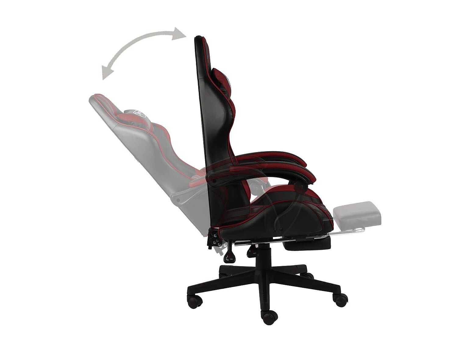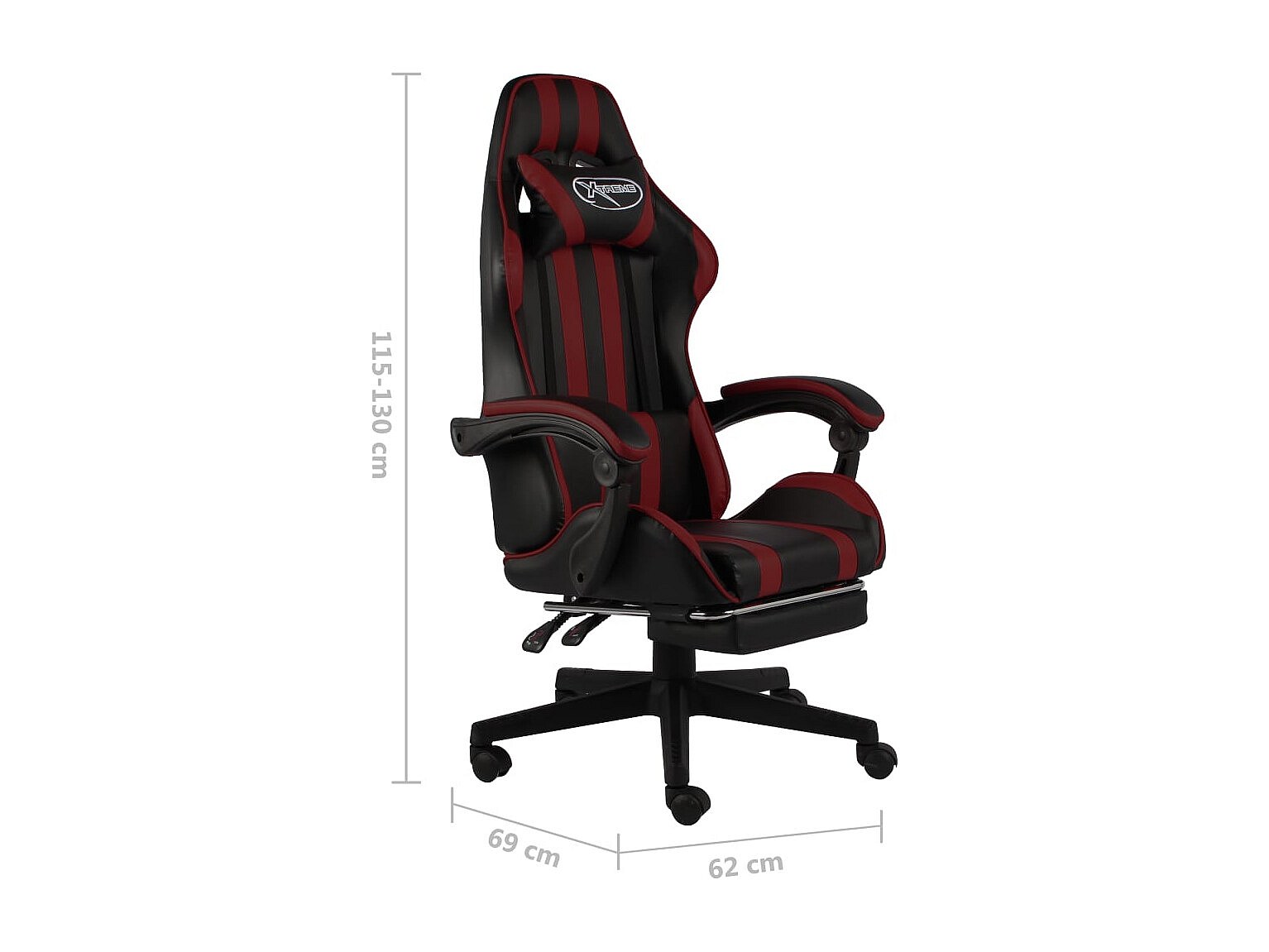 Silla gaming con reposapiés cuero sintético negro y rojo tinto
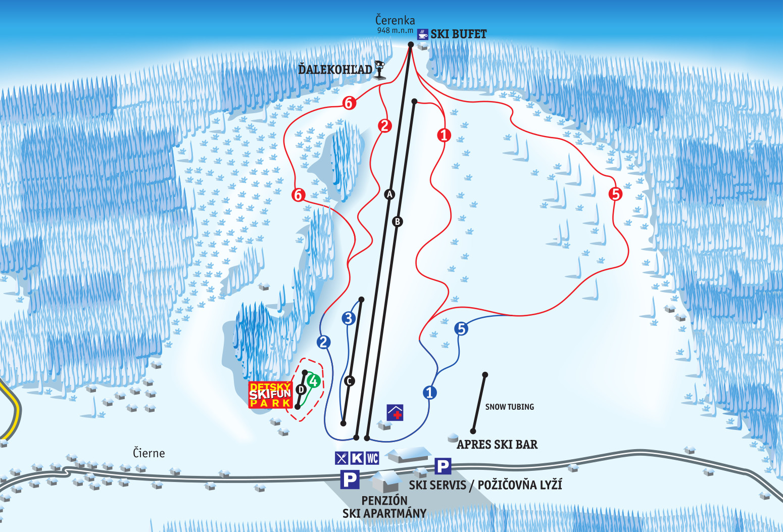 In the resort, just next to the ski lifts, there is a newly build buffet with the possibility of sitting inside or on a covered terrace with a wonderful view of the ski slopes. Skiers have the option of refreshments in the buffet at the upper lift station, directly on the ridge Javorníky, where a nice view of the resort and Beskydy. There is also a children skifun park, snowtubing, snowpark, snowboarding and ski rental and ski service. For the beginners, we offer ski and snowboard school and ski kindergarten. Tourist - recreational cross-country ski track passes through the ridge Javorníky through top Čerenka 948 m, while the ridge to ski lift exports and supplies to the ridge Beskydy.
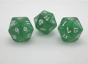 Death is upon us all! The Black Death d20 comes in several color options and is larger than standard sized d20s (23mm instead of 20mm). These dice feature a deathly skull design on the 20 face.
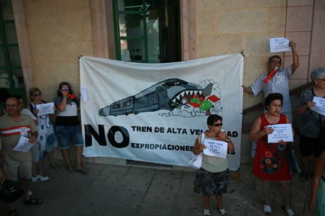 El encuentro se enmarcó dentro de las reuniones institucionales que está manteniendo en los municipios afectados por el trazado del AVE, donde fue recibido por algunos vecinos y manifestantes, a las puertas del Consistorio totanero, miembros de la plataforma AVE Totana Fuerza Ciudadana.
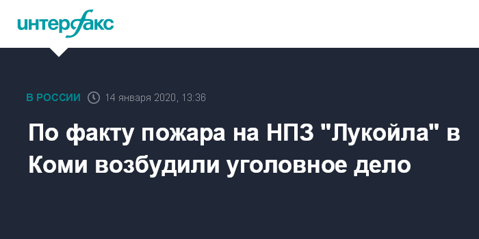 Москва. 14 января. INTERFAX.RU - В Коми по факту пожара на нефтеперерабатывающем заводе (НПЗ) ООО "ЛУКОЙЛ-Ухтанефтепереработка" возбуждено уголовное дело, сообщает пресс-служба республиканского управления Следственного комитета РФ (СКР) во вторник.
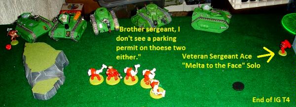 Draw, draw, draw, how can I pull out a draw. He just has too much mobility remaining. It has been a very fun, close game to this point. Let's see what happens... Plan: The termies will assault the two leman russ tanks. Move the dread and hope for a good blood lance roll on the remaining devil dog. Dante will start to move towards the remaining guard. I make another debatable play mistake. I move my remaining assault marine towards the platoon command squad in the chimera with the aim of destroying the chimera with the meltagun. This is a debatable mistake because I could have tried to hide my last remaining scoring unit. At the time I thought it was better to go out with a bang as opposed to hoping for my opponent to miss / make a mistake. Opinions? Actual: Dante moved. The termies destroyed the two battle tanks. The solo marine with a meltagun destroyed the platoon command chimera. All five guardsmen inside were wounded, but my opponent made three of the five 5+ t-shirt saves.
========================================================================
--- YOUR INSTRUCTIONS ---
Output the entries exactly as they appear, with no pictures included.

--- REPLY ---
 Silla gaming con reposapiés cuero sintético negro y rojo tinto
 In the resort, just next to the ski lifts, there is a newly build buffet with the possibility of sitting inside or on a covered terrace with a wonderful view of the ski slopes. Skiers have the option of refreshments in the buffet at the upper lift station, directly on the ridge Javorníky, where a nice view of the resort and Beskydy. There is also a children skifun park, snowtubing, snowpark, snowboarding and ski rental and ski service. For the beginners, we offer ski and snowboard school and ski kindergarten. Tourist - recreational cross-country ski track passes through the ridge Javorníky through top Čerenka 948 m, while the ridge to ski lift exports and supplies to the ridge Beskydy.
 Death is upon us all! The Black Death d20 comes in several color options and is larger than standard sized d20s (23mm instead of 20mm). These dice feature a deathly skull design on the 20 face.
 El encuentro se enmarcó dentro de las reuniones institucionales que está manteniendo en los municipios afectados por el trazado del AVE, donde fue recibido por algunos vecinos y manifestantes, a las puertas del Consistorio totanero, miembros de la plataforma AVE Totana Fuerza Ciudadana.
 Москва. 14 января. INTERFAX.RU - В Коми по факту пожара на нефтеперерабатывающем заводе (НПЗ) ООО "ЛУКОЙЛ-Ухтанефтепереработка" возбуждено уголовное дело, сообщает пресс-служба республиканского управления Следственного комитета РФ (СКР) во вторник.
 Draw, draw, draw, how can I pull out a draw. He just has too much mobility remaining. It has been a very fun, close game to this point. Let's see what happens... Plan: The termies will assault the two leman russ tanks. Move the dread and hope for a good blood lance roll on the remaining devil dog. Dante will start to move towards the remaining guard. I make another debatable play mistake. I move my remaining assault marine towards the platoon command squad in the chimera with the aim of destroying the chimera with the meltagun. This is a debatable mistake because I could have tried to hide my last remaining scoring unit. At the time I thought it was better to go out with a bang as opposed to hoping for my opponent to miss / make a mistake. Opinions? Actual: Dante moved. The termies destroyed the two battle tanks. The solo marine with a meltagun destroyed the platoon command chimera. All five guardsmen inside were wounded, but my opponent made three of the five 5+ t-shirt saves.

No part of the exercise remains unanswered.